Trwa zbieranie podpisów pod wnioskiem o postawienie szefa Narodowego Banku Polskiego Adama Glapińskiego przed Trybunałem Stanu. Potrzeba do tego 115 podpisów. Wszystko wskazuje na to, że wniosek zostanie złożony w Sejmie w przyszłym tygodniu.
Jak mówi wicemarszałek Sejmu Dorota Niedziela z Koalicji Obywatelskiej, zarzuty dla Adama Glapińskiego są oczywiste dla każdego, kto obserwuje prowadzoną przez niego politykę Narodowego Banku Polskiego. “Chyba nikt nie ma wątpliwości, że było to upolitycznione, nie szło to w kierunku apolitycznego szefa NBP, który pilnuje interesu polskiej złotówki” – powiedziała.

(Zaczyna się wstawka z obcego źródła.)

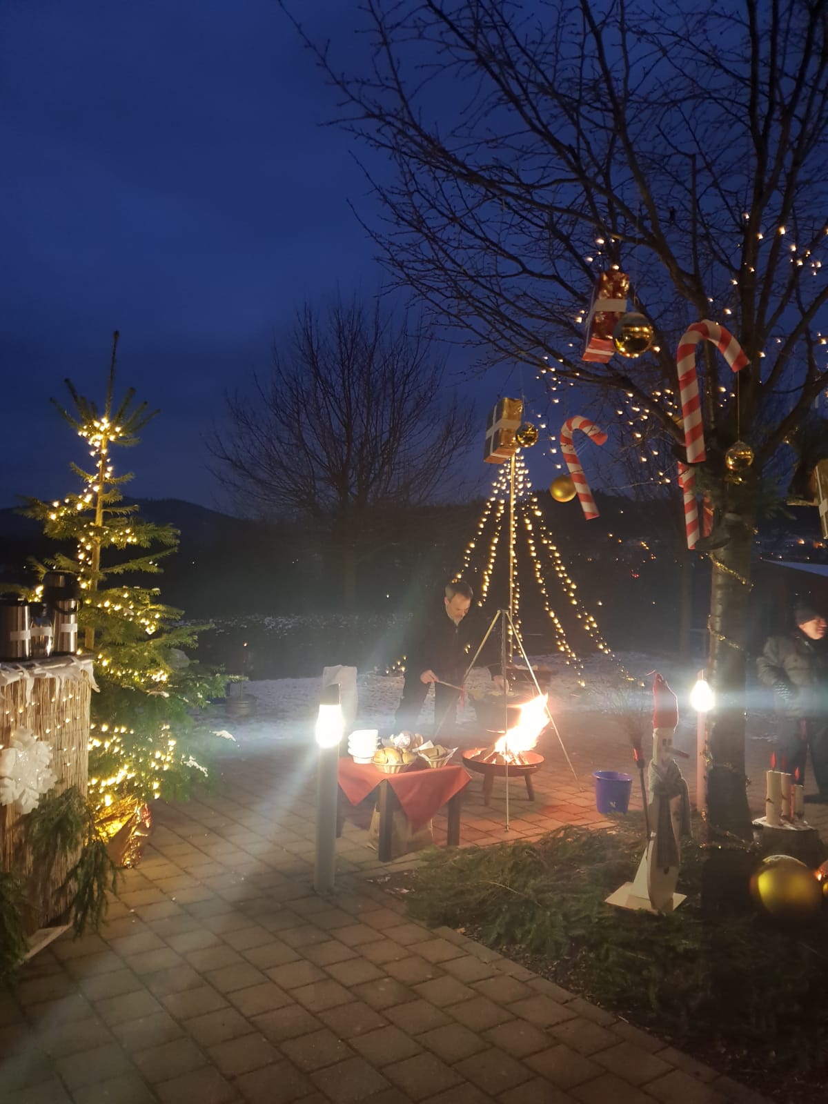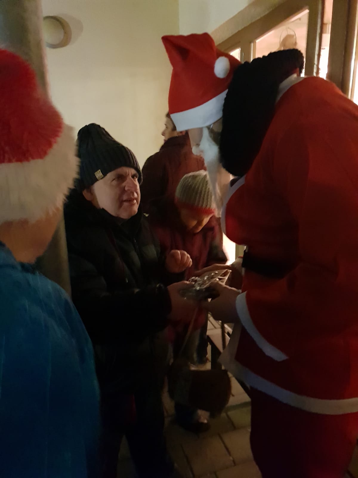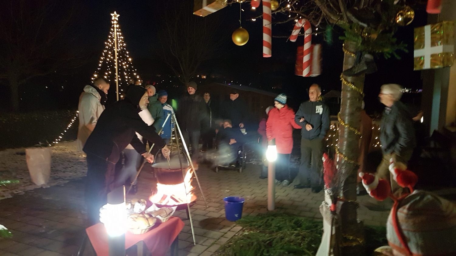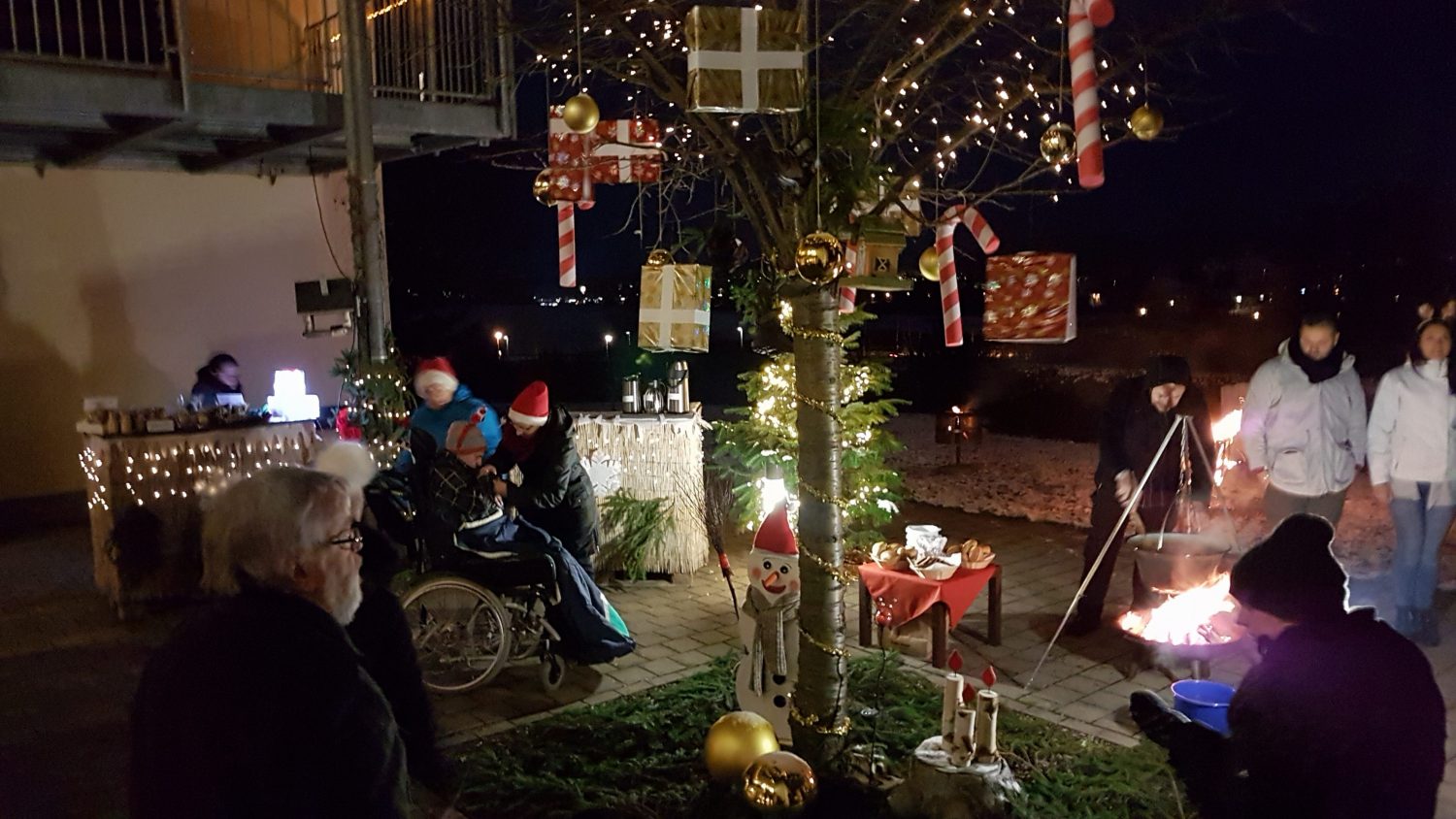 Zu Besuch waren auch der Weihnachtsmann und das Christkind. Als besondere Überraschung spielte der Vater eines Bewohners auf seinem Alphorn schöne Melodien. Bei Glühwein oder heißem Punsch konnten die Bewohner und ihre Angehörigen zusammen mit den Betreuern ein paar besinnliche Stunden verbringen. Die Augen aller Anwesenden leuchteten vor Begeisterung!
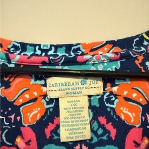 Caribbean Joe 3/4 Sleeve Multicolor Floral Pattern Resort Top
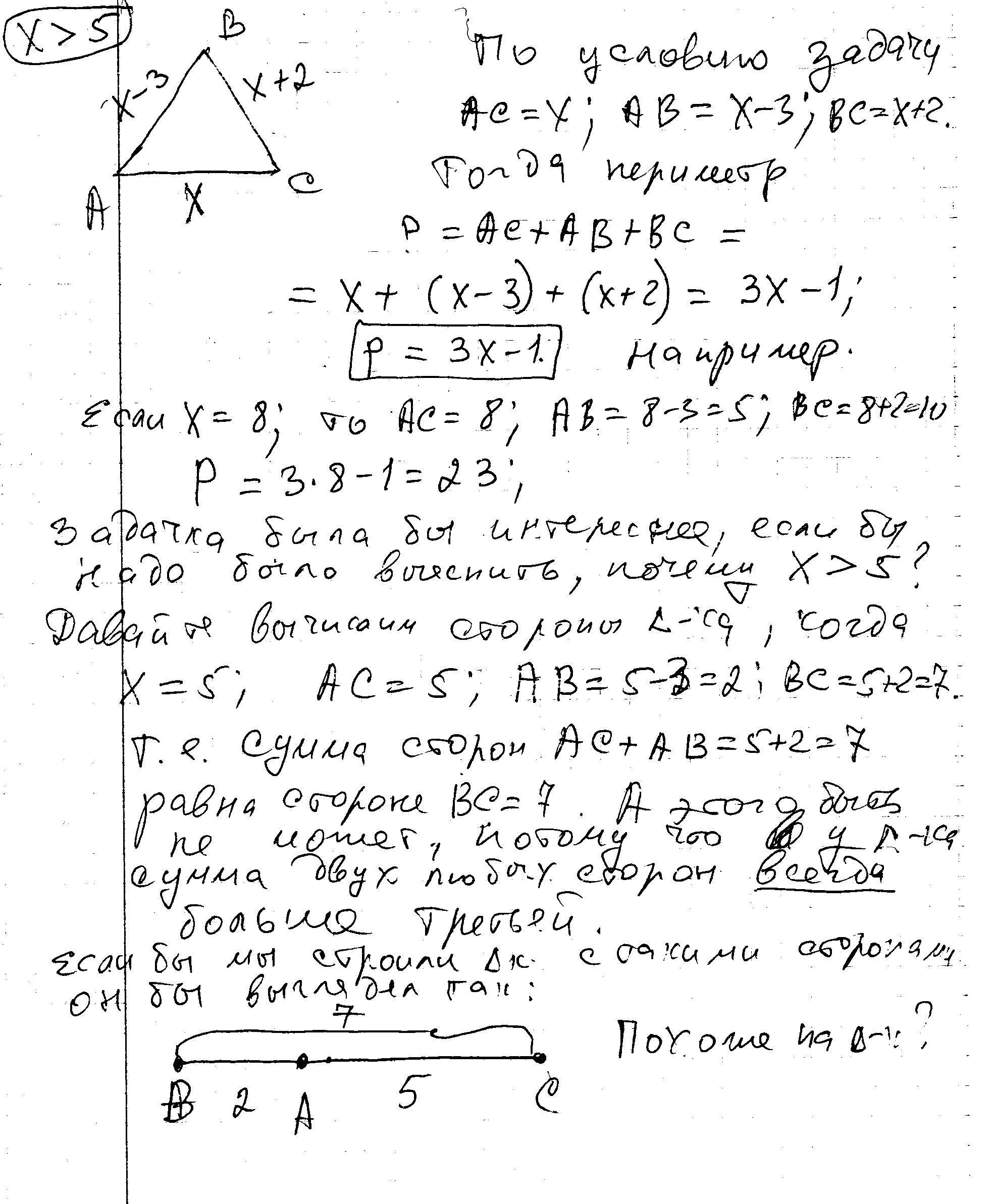 Помогите пожалуйста решить!! Одна сторона треугольника x(x>5) см, вторая на 3 см меньше, а третья на 2 см больше первой. Найдите периметр этого треугольника. Обьснение можно чуть подробней человеческими словами) Спс заранее)
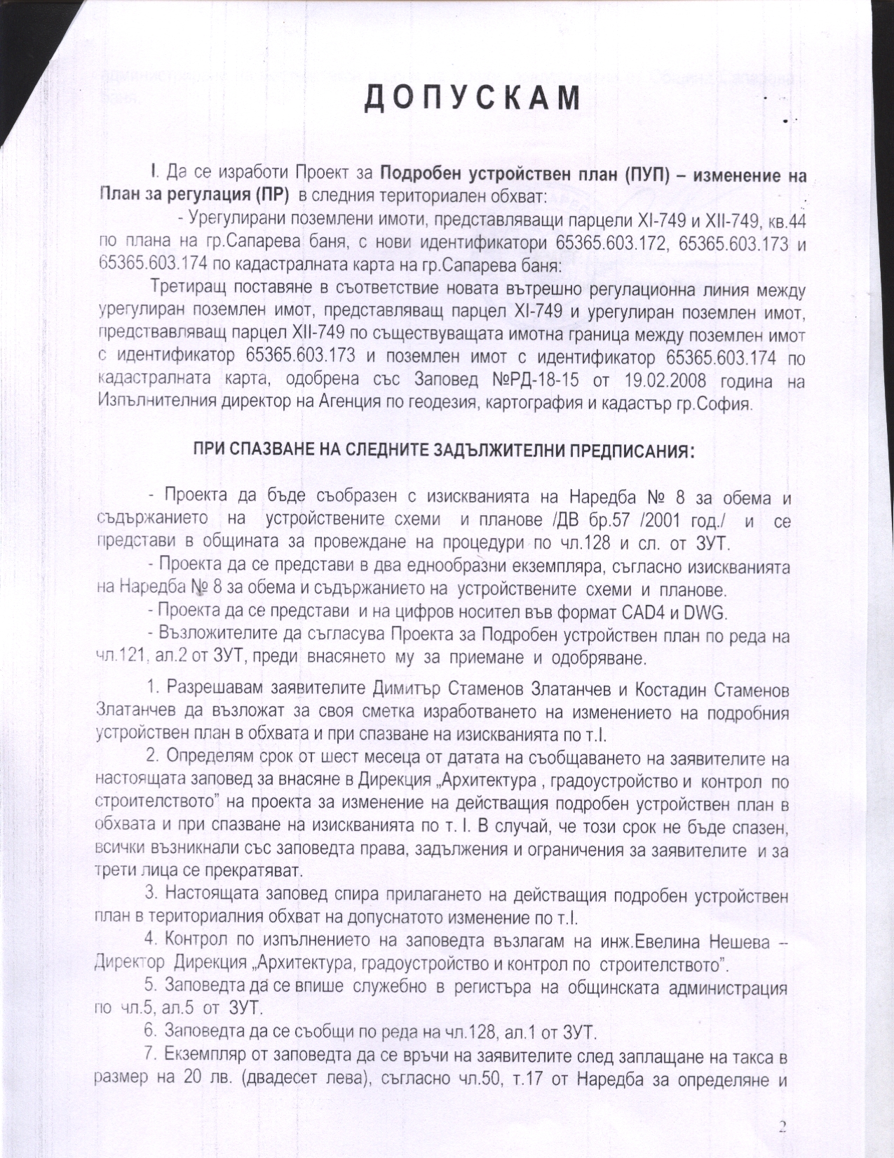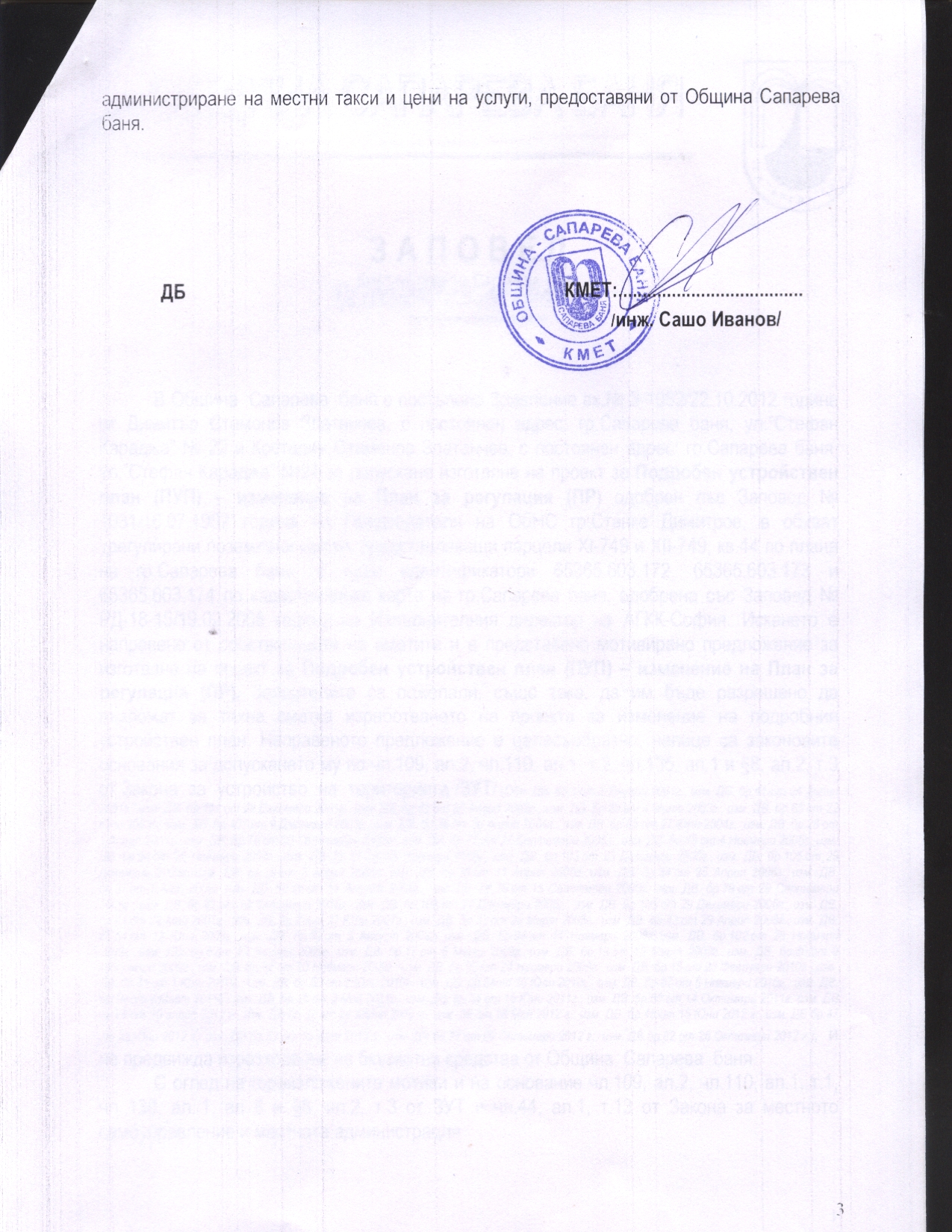Сапарева баня за допускане изготвянето на Проект за Подробен устройствен план - План за

Wniosek jest polityczny – mówią posłowie Prawa i Sprawiedliwości. Poseł PiS Jacek Sasin mówił na konferencji prasowej, że rządzący chcą zawłaszczyć kolejną instytucję państwa, by otworzyć drogę do przyjęcia w Polsce euro. “Te zarzuty są wyssane z palca” – oświadczył Jacek Sasin. Dodawał, że dzięki działaniom prezesa Glapińskiego udało się zdusić inflację i przejść przez kryzys finansowy, z którym mieliśmy do czynienia. Przypomniał też, że Trybunał Konstytucyjny orzekł, iż do postawienia prezesa banku centralnego przed TS wystarczy bezwzględna większość głosów w obecności co najmniej połowy ustawowej liczby posłów.
We wniosku o postawienie przed Trybunałem Stanu prezesa Narodowego Banku Polskiego znalazło się osiem głównych zarzutów – w tym naruszenie konstytucji i ustaw.
Pierwsza grupa zarzutów dotyczy tego, co się działo wewnątrz instytucji – chodzi między innymi o niedopuszczanie niektórych członków NBP oraz Rady Polityki Pieniężnej do informacji. We wniosku znalazły się także kwestie dotyczące premii dla prezesa Banku oraz skupu obligacji w 2020 roku. Pojawia się zarzut działań prowadzących do osłabiania wartości złotego.
Autorzy wniosku zarzucają też Adamowi Glapińskiemu, że uchybił nakazowi apolityczności prezesa NBP. Zdaniem autorów dokumentu narusza to Konstytucję. W dokumencie czytamy, że prezes NBP publicznie angażował się w agitację, także w ramach kampanii wyborczej, na rzecz Prawa i Sprawiedliwości i rządu Mateusza Morawieckiego przeciwko Platformie Obywatelskiej. We wniosku czytamy, że prezes NBP co najmniej dwa razy brał udział w zebraniach kierownictwa PiS i zatrudniał partyjnych działaczy w Narodowym Banku Polskim.